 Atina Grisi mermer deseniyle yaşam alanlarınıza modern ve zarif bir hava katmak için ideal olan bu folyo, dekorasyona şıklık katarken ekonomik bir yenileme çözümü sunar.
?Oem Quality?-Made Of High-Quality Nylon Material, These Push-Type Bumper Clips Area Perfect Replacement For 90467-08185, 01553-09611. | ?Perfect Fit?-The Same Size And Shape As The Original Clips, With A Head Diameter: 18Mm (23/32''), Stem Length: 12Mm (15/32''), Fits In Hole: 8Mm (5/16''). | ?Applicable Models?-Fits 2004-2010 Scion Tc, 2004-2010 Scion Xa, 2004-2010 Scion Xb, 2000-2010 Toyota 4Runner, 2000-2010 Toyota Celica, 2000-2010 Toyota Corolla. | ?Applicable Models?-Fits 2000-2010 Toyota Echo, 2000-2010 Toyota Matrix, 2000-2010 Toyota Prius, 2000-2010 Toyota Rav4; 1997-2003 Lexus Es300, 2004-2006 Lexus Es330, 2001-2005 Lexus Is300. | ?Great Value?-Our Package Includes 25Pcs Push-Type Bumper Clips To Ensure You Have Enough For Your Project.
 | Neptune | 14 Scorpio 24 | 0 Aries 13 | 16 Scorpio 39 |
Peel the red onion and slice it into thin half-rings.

...

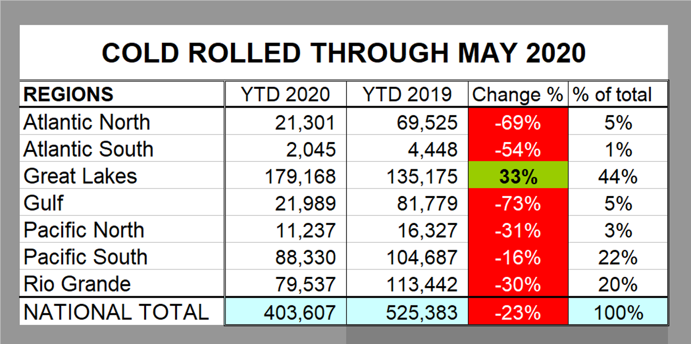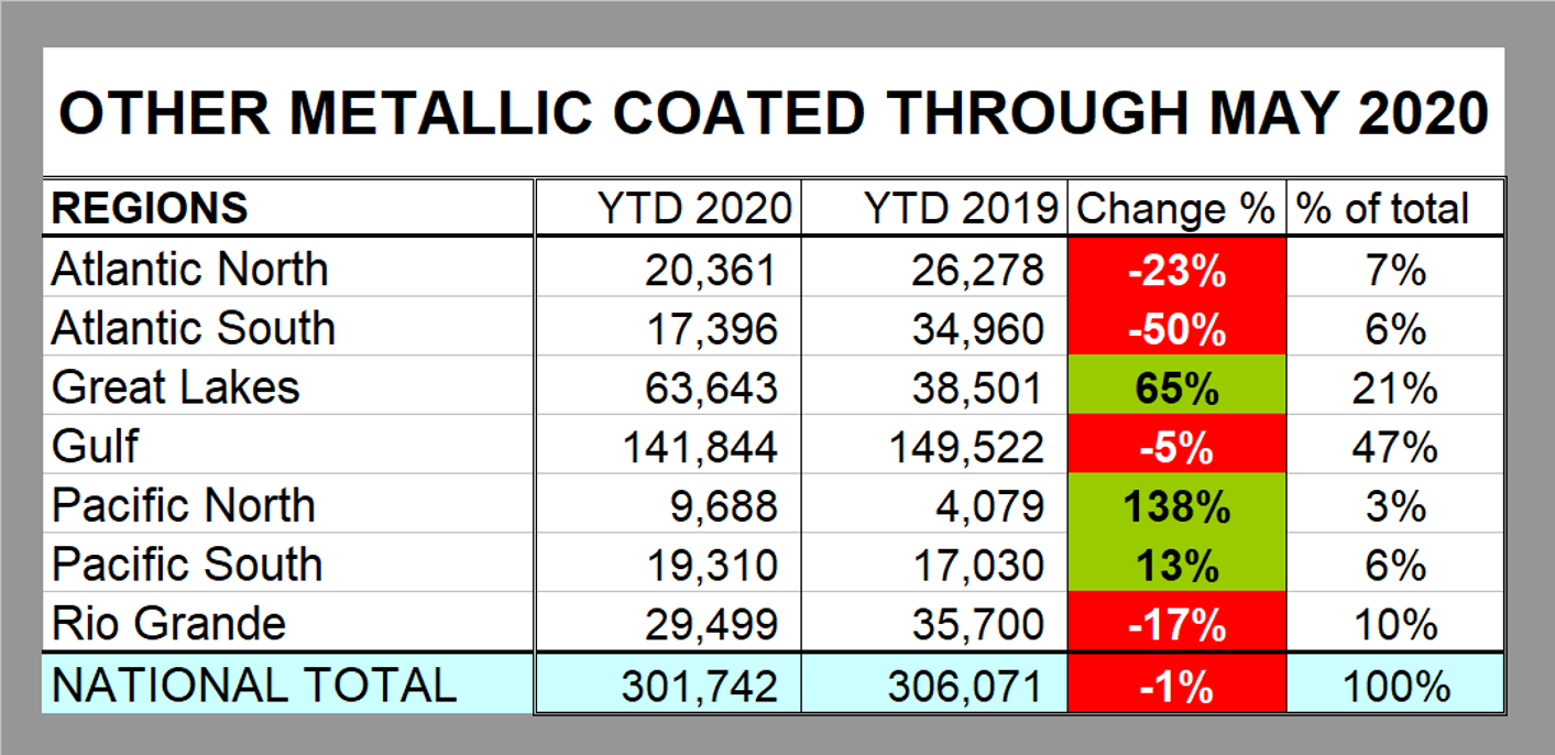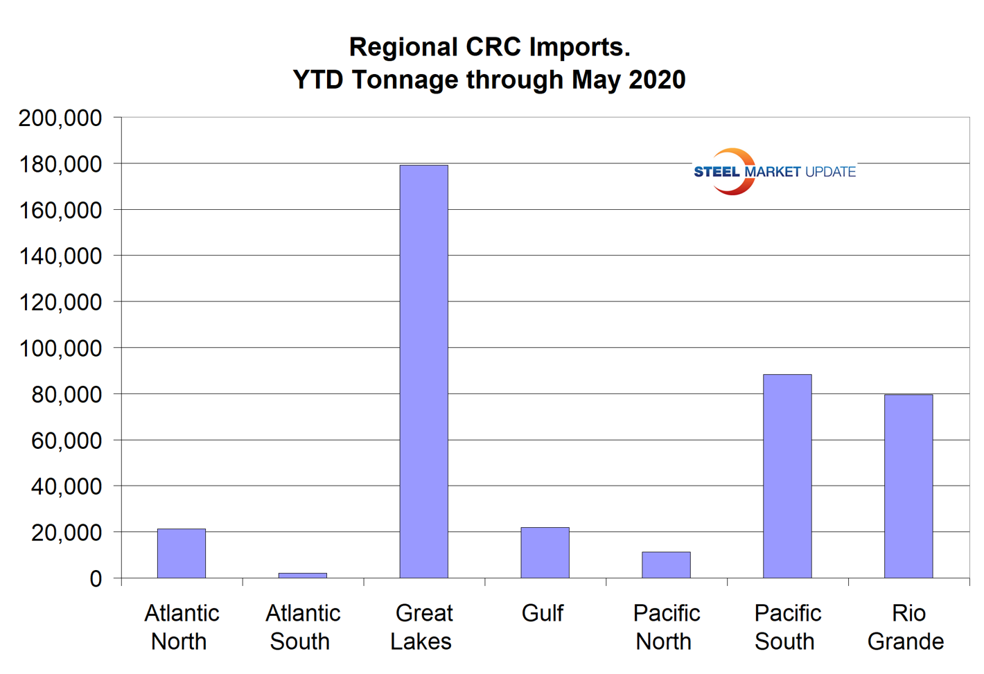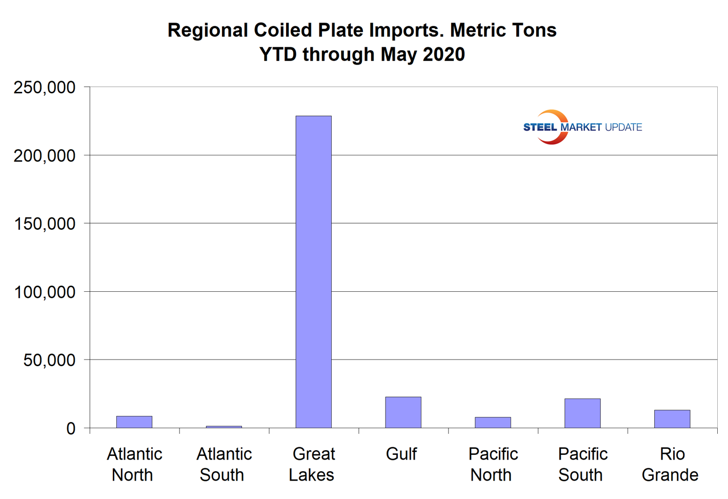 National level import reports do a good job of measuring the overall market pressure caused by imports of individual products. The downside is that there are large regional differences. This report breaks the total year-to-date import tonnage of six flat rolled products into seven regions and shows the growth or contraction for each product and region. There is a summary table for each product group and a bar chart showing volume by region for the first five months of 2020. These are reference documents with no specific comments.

Assignment ->
Could you set down, word for word, only the lines above from the line with "Scorpio 39 |" to the line with "Peel the red", including both?

Task result ->
 | Neptune | 14 Scorpio 24 | 0 Aries 13 | 16 Scorpio 39 |
Peel the red onion and slice it into thin half-rings.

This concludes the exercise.